Jan Tumlir, chief economist for the General Agreement on Tariffs and Trade (GATT), told the Time Magazine outlook session that he expects "for the first time we will have a generalized recession in the sense that the imports of the developing countries will increase only marginally, if at all."

In adding up the GNP cost of the OPEC price increases to that massive $550 billion figure, OECD said that direct impact accounts for 4 1/2 percent of the total, while the fiscal restraints adopted by various countries make up the balance of 2 percent of the total.
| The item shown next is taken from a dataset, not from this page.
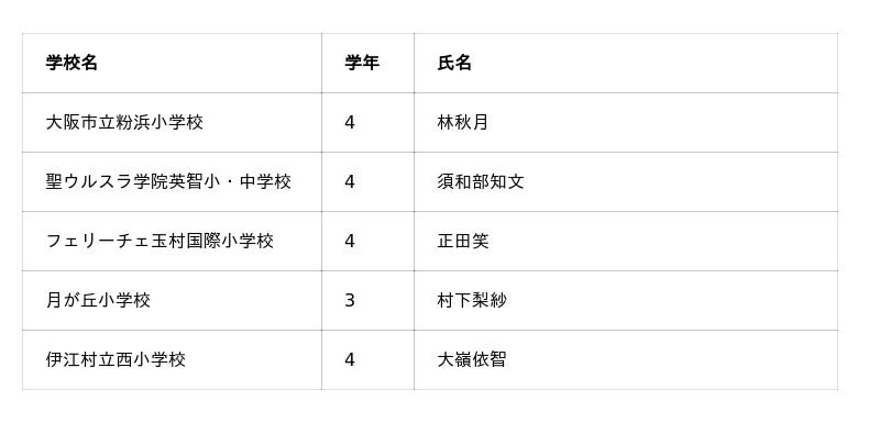 高学年の部:林 里瑳子さん(兵庫県 仁川学院小学校5年)

For the United States, the OECD said, the loss of GNP is even worse -- 7 1/4 percent overall -- the difference being the impact of a larger rise in domestic energy prices (compared with Europe and Japan) as they moved up closer to the world market.

And these estimates do not take into account the impact of tight monetary policies that most countries felt they were forced to follow -- and which, combined with austere fiscal policies, contained the inflationary consequences better than was the case after the first oil price shock.But it is clear, the OECD says, that the monetary policy has led to high interest rates which throughout the world have choked off residential and other forms of investment.
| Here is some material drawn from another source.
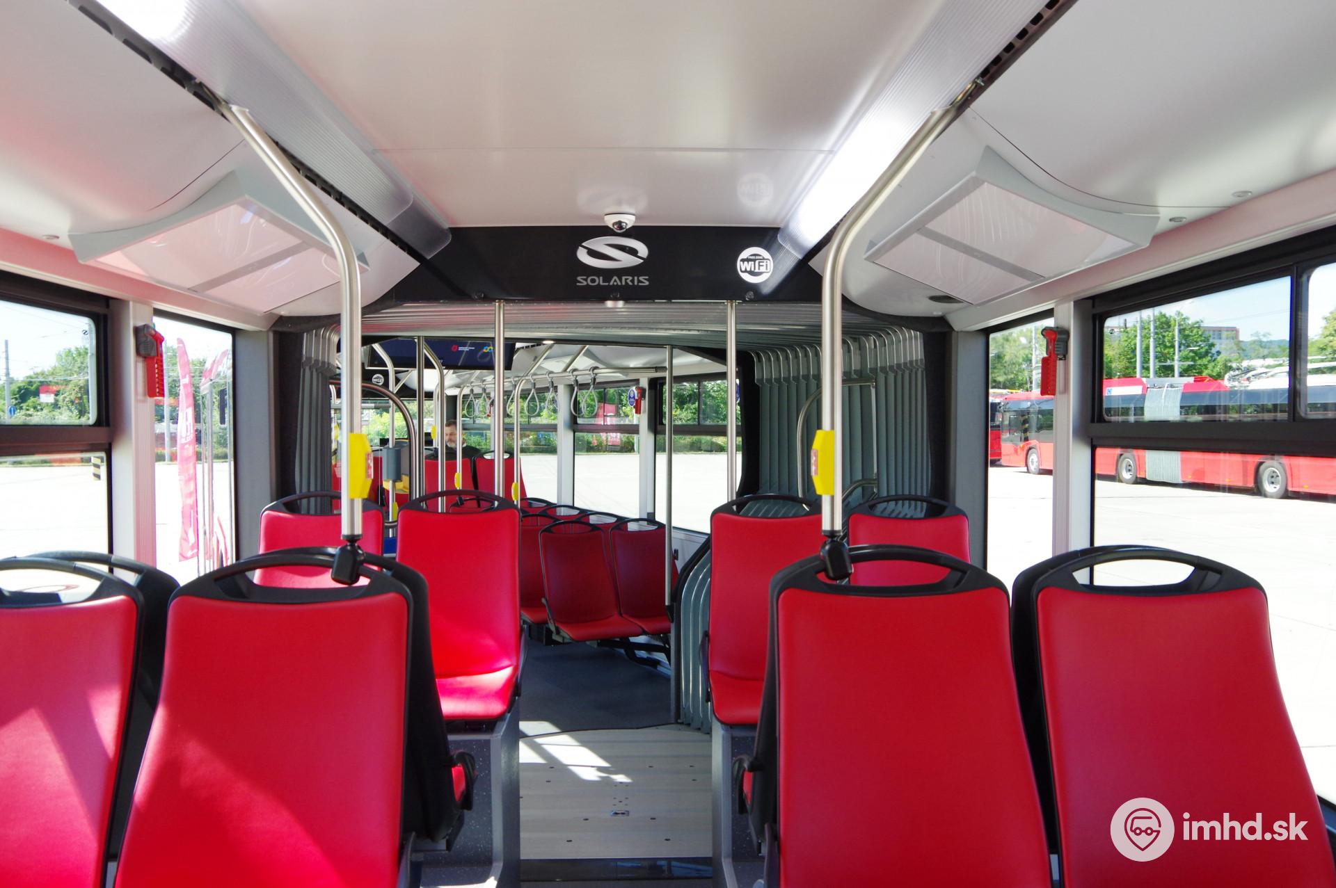 Pohľad z druhého do tretieho článku trolejbusu Škoda-Solaris Trollino 24.

In other words, the world response to OPEC's price demands of 1979 and 1980 has been to damp down the normal growth of the economies of all of the oil-importing nations, assigning priority attention to control of inflation, rather than the improvement of national standards of living. It all translated into an enormous transfer of wealth from the non-OPEC world to the OPEC world last year, and the story won't be any different in 1981.

Emil Van Lennep, director-general of the OECD makes the anti-inflation strategy explicit: "I am impressed by the unanimity with which governments have chosen, first, to break inflation . . . [it] has to be broken not only because of the social injustice and political strains it induces, but because it destroys prosperity and jobs."
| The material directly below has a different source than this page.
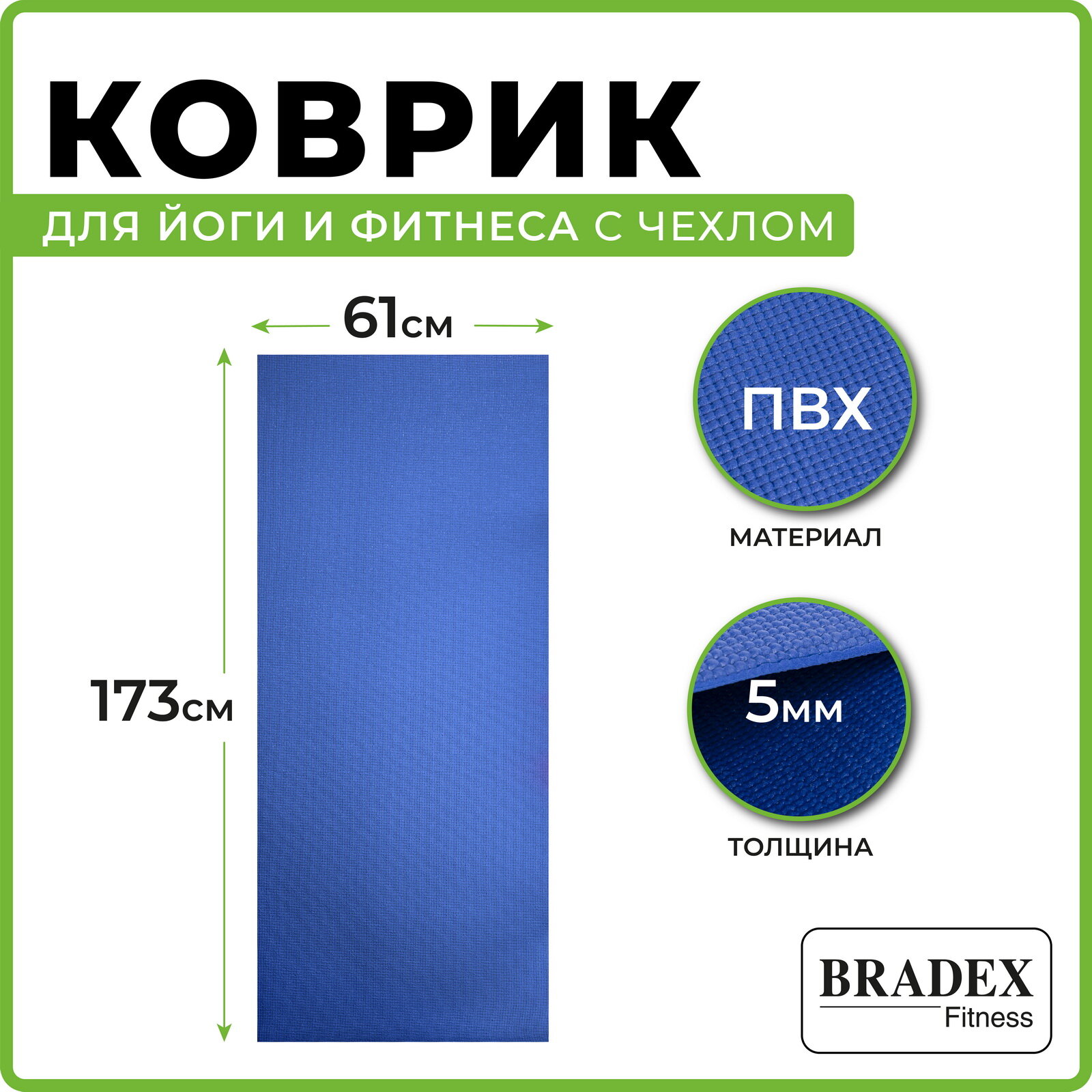 Коврик для йоги и фитнеса Bradex 173x61x0,5 см информация:

Lennep also stresses that recovery in the rich world won't be sustained unless gains are made on the productivity front, which implies not only tax incentives for investment, but halting the disquieting protectionist trend which risks "perpetuating the existence of inefficient producers."

But the propspect of slow growth, combined with uncertainty over oil supplies and prices, distresses the outgoing members of the Carter administration -- although they don't pretend to have any better macro-economic solution than Van Lennep's anti-inflation strategy, which in fact has been endorsed by all of the major powers at recent economic summits.

"I think it will be another year of stagnation, with inflation much too high, even if some progress is made in getting the rates down," said a Carter economist. "Growth rates will be very slow everywhere, with unemployment continuing to rise, at least in the early part of the year."

In more specific terms, Europe has been in a recession since about mid-year. The German economy hit a peak in the first quarter of 1980, and it has been downhill since then. The slide started earlier in England, where industrial production at the end of the year was down about 8 percent from its peak in mid-1979. The United States, Italy and Canada moved into recession by midyear.

Japan managed to sustain a moderate growth rate by keeping up its exports, but real domestic activity was about as stagnant as in the rest of the developed world. French economic activity slumped after the first quarter, but the economy managed to hold onto a fractional positive growth rate at the end of 1980.

"The world," summed up former IMF Managing Director H. J. Witteveen in his typically understated way, "continues to be plagued by a number of seemingly intractable problems, linked together in a puzzling and complex network."